Task instructions:
Only the lines in the entries below from the line with "Pulôver de gola" to the line with "規格:30mmx20cm 厚3mm貨號:31320包裝:2片 /", both included, belong in the answer, transcribed exactly and without pictures.

Record set:
++++++
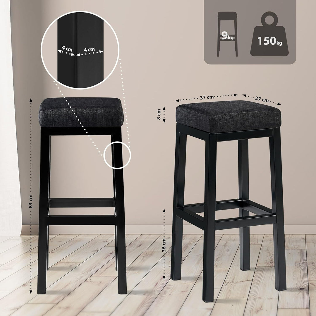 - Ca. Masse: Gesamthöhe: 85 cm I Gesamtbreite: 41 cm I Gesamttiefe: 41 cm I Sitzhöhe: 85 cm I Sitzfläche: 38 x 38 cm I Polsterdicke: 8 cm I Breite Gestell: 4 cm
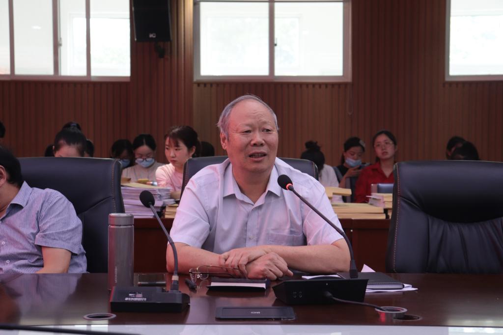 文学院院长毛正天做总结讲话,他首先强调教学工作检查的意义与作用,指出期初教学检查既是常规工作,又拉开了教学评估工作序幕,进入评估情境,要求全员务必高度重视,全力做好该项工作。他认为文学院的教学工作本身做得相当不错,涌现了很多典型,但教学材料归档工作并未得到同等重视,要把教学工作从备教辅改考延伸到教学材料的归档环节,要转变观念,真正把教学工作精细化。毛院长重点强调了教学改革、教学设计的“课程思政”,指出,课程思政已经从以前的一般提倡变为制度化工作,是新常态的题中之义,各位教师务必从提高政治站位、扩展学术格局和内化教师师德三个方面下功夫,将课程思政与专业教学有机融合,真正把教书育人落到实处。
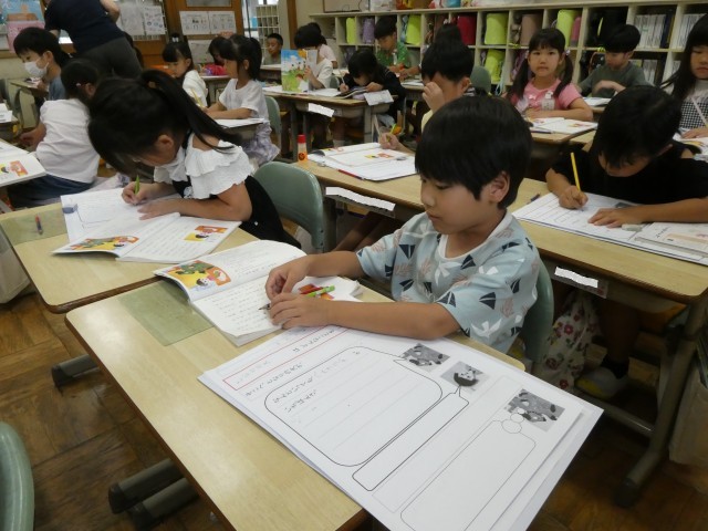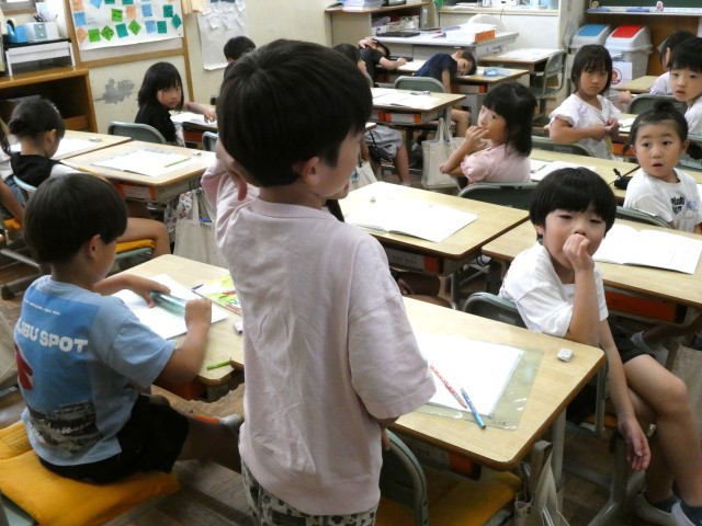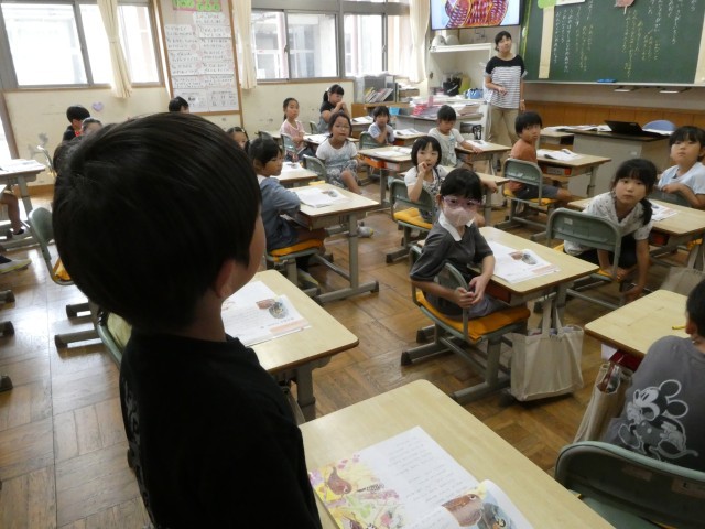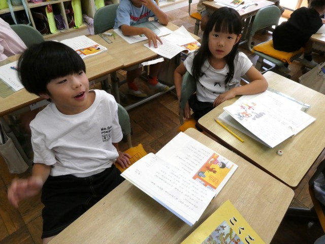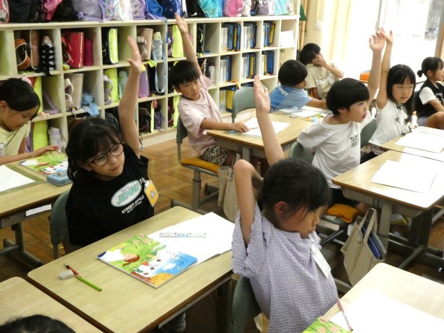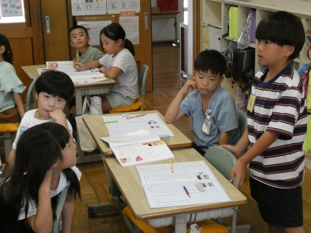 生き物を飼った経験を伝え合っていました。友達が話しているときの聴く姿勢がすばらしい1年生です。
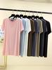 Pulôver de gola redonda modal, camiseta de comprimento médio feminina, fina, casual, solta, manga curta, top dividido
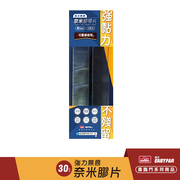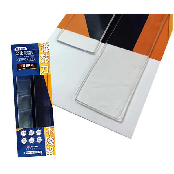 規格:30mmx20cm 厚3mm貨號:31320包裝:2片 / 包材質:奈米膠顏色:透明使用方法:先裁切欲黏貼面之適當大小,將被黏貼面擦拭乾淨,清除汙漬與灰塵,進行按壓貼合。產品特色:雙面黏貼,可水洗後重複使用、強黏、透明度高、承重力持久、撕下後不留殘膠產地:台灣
++++++
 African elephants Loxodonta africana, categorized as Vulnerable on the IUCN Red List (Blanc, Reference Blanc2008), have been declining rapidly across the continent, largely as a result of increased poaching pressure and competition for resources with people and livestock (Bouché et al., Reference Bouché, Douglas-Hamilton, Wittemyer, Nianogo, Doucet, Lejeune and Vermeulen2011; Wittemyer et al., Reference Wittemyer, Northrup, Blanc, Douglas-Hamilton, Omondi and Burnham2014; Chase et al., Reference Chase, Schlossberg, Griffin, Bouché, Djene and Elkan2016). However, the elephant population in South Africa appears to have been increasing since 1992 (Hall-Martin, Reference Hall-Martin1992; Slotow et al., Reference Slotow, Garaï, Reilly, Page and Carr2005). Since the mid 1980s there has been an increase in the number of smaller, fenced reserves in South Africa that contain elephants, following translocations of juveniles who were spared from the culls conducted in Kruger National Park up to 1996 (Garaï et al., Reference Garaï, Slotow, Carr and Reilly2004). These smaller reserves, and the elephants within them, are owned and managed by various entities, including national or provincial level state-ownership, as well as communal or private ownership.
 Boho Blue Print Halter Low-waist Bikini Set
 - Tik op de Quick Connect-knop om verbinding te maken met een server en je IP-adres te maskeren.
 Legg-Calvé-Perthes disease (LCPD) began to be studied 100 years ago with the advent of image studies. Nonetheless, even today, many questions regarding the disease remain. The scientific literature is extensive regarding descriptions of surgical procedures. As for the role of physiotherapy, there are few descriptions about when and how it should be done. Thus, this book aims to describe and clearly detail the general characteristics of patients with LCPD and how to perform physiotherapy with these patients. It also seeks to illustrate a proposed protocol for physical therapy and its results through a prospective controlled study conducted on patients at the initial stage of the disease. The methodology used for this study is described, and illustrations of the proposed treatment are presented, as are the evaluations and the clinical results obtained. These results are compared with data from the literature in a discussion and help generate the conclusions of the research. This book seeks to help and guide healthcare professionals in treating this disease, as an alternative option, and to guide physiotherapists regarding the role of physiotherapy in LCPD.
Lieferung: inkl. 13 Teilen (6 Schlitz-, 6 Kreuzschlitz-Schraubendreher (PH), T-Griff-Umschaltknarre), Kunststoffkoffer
++++++
Exercise answer:
 Pulôver de gola redonda modal, camiseta de comprimento médio feminina, fina, casual, solta, manga curta, top dividido
 規格:30mmx20cm 厚3mm貨號:31320包裝:2片 / 包材質:奈米膠顏色:透明使用方法:先裁切欲黏貼面之適當大小,將被黏貼面擦拭乾淨,清除汙漬與灰塵,進行按壓貼合。產品特色:雙面黏貼,可水洗後重複使用、強黏、透明度高、承重力持久、撕下後不留殘膠產地:台灣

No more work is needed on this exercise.